Me too!!! Then I visualise the waves in the Atlantic and those toy boats!
Hi DM,
This is SailorBoy, I’ve changed my name partly to avoid the shenanigans that have been happening over the past few weeks and also because I thought it might be time to leave the obviously childish name behind. There was a bit of a gap with no comments, because the moderator for UKDJ has been away, but got it working again in time for the SDR
Thought it might be useful for a few people to know before plunging back into the comments with a completely new identity (though same avatar).
There you are!!!
I’d wondered where you’d gone, assumed you’d gone on holiday and nothing untoward had occurred.
Good to know. 👍
I wish I was on holiday!
How are you, DM? Hope life’s treating you well
Thanks mate.
Life is busy, I’m looking forward to giving up full time work and having a life!
I do fine the whole type 9x concept fascinating and I think they are likely to be more that a lot of people imagine
The discussions on the T91 arsenal ship and T92 ASW ship seem to actually revolve around a 4000ton + set of hulls that are minimally manned or autonomous, but with reasonable good systems… that are focus on the one thing only.
Wasn’t sure where to put this but of the recent treads this was about drones albeit sea based so here goes.

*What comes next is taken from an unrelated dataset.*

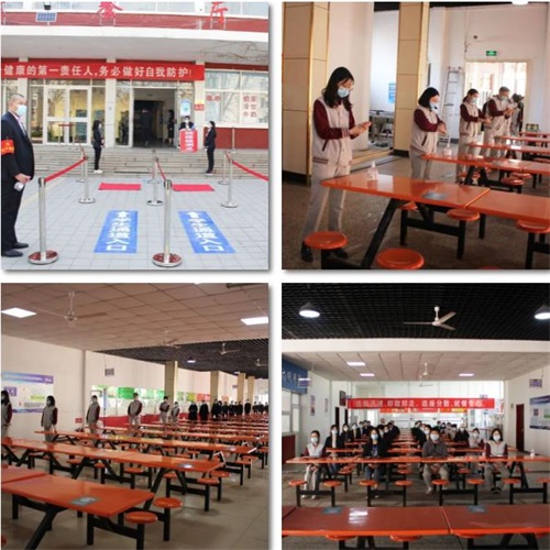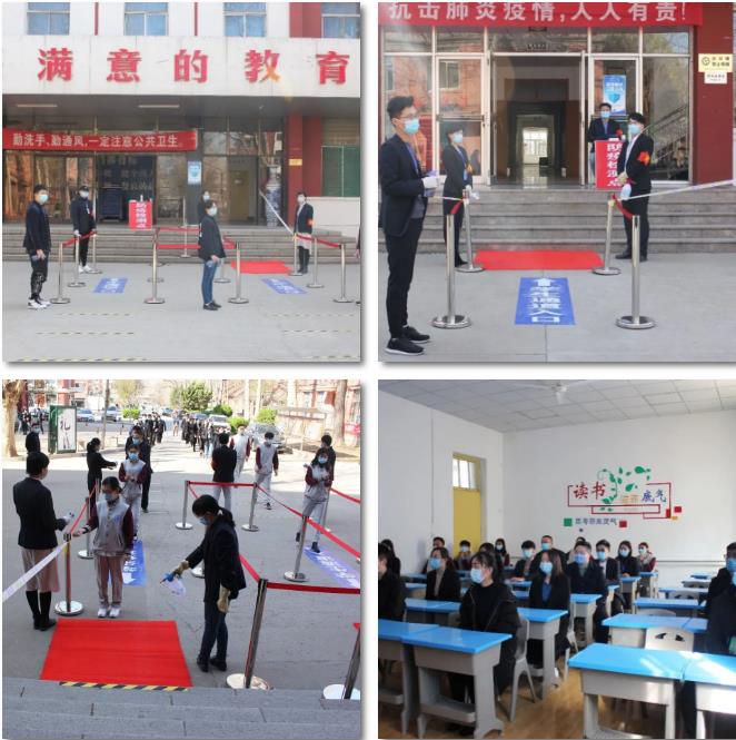 學生進入教學樓、實訓樓,保持距離排隊,依次進行體溫檢測、鞋底消毒。進入教室后,單人單桌,全程佩戴口罩。

Yesterday warfare changed again when the Ukrainians with I assume our help played a blinder. Based apparently according to Ukrainian intelligence on 18 months work.
They send at least 4 legit civilian trucks/vans into locations around 1,500m from 4 major Russian airfields. In their false ceilings were many fiber guided autonomous FPV drones. At the appropriate times they were launched targeting aircraft striking and destroying 3x Tu-142MS and 2x Tu-122M strategic bombers. Great work.
But it is a two edged sword as virtually all NATO airfields including ours are likely vulnerable to similar attacks. As strike aircraft are might be regarded as a more important asset than say tanks on the new drone heavy battlefield are we going to see soldiers moved into airfield protection roles?
In fact almost every significant military site has just become potentially vulnerable in a way the weren’t before.
This is discussed on the SNP/Labour Glasgow shipbuilding thread.
All the Russians have to do is creep up & pinch 1 or 2 & they’ll soon reverse engineer & steal the tech.